Así, de muertes que pudieron haberse evitado, se iría poblando el cementerio. Uno de los últimos en recibir sepultura fue el hijo de Paulino y Mireya. Cuentan que el padre tocó a la puerta de cada uno de los dueños de cortes madereros en busca de ayuda, pero ninguno quiso prestarle una lancha para salir de allí.

En su desesperación, Paulino optó por hacerlo a pie. En Palma Sola, el niño se le murió en los brazos.

Entonces los dos médicos más cercanos estaban fuera de la península, en los poblados de Cortés y Las Martinas, a un centenar de kilómetros. "Quien no tuviera dinero para entrar en la consulta debía pagar con su cédula electoral", rememora Euclides Castro.

Pero antes era preciso salir de Guanahacabibes a través del mar, cuando llegara alguna goleta a cargar el carbón, o a pie, abriéndose paso entre el fango y el diente de perro, en una larga travesía de varias jornadas.

Por tanto, nunca se sabrá con certeza cuántos quedaron en el trayecto, haciendo de playa La Barca, playa el Perjuicio, playa el Resguardo, anónimos camposantos de los que hoy no quedan vestigios. Solo el del Cabo ha logrado sobrevivir hasta nuestros días.

Simple —porque el dinero apenas alcanzaba para los vivos, cómo se iba a malgastar en los difuntos—, el pequeño cementerio nunca supo de más ornamentos que los estrictamente necesarios para identificar las tumbas. Suman cerca de una veintena las cruces sobre la arena.

Se afirma incluso que dos extranjeros, un italiano y un holandés, yacen en él. ¿Cómo llegaron?
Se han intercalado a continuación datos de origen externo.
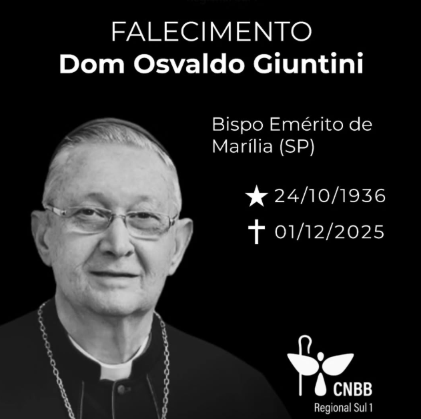 “Dom Osvaldo dedicou-se com generosidade ao serviço da Igreja, conduzindo o rebanho que lhe foi confiado com coragem pastoral, sabedoria espiritual e profunda caridade. Sua vida simples, marcada pela fidelidade ao Evangelho, permanece como testemunho luminoso para todos nós”, publicou no Instagram. “Manifestamos nossa solidariedade à Diocese de Marília, a Dom Luiz Antônio Cipolini, aos familiares e amigos, assegurando nossa oração e proximidade neste momento de dor”, assina Dom Moacir Silva, presidente do Regional Sul-1.

Probablemente como la mayoría de quienes fundaron un nuevo mundo en la soledad de Guanahacabibes: huyendo de una deuda con la justicia, o siguiendo el derrotero de algún tesoro.

Aún así, es muy probable que no descansen en este lugar los restos de todos los fallecidos en el Cabo, pues la tradición oral refiere dos sitios similares en zonas cercanas.

Eso sin contar los estragos sufridos en otra época. "Entre los soldados del puesto de la Guardia Rural corrían historias de que quienes estaban sepultados aquí tenían oro, y más de uno vino a buscarlo", lamenta Euclides.

No obstante, gracias a las labores de conservación realizadas periódicamente por los trabajadores del museo de Sandino, se ha logrado preservar el lugar para que las personas puedan seguir honrando la memoria de sus seres queridos.

Solo eso, porque el último entierro tuvo lugar hace cerca de medio siglo.

El cierre del cementerio, cuando la Revolución empezaba a cambiar la existencia de los habitantes del Cabo, fue todo un símbolo. A partir de entonces, la península de Guanahacabibes, Parque Nacional y Reserva de la Biosfera, es sitio de culto a la vida.

Mario Borrego, cuya historia recoge uno de tantos episodios oscuros en el pasado de esta tierra remota, ha tenido la suerte de una larga existencia para poderlo apreciar.

"Nadie más se nos ha muerto por falta de médico, dice. Ahora, si hay un enfermo, una ambulancia viene desde Sandino a recogerlo; pero antes, cuando no estaba la carretera, se llamaba a la base de San Julián y mandaban un helicóptero. Yo lo vi varias veces, con estos ojos que un día se tragará la tierra".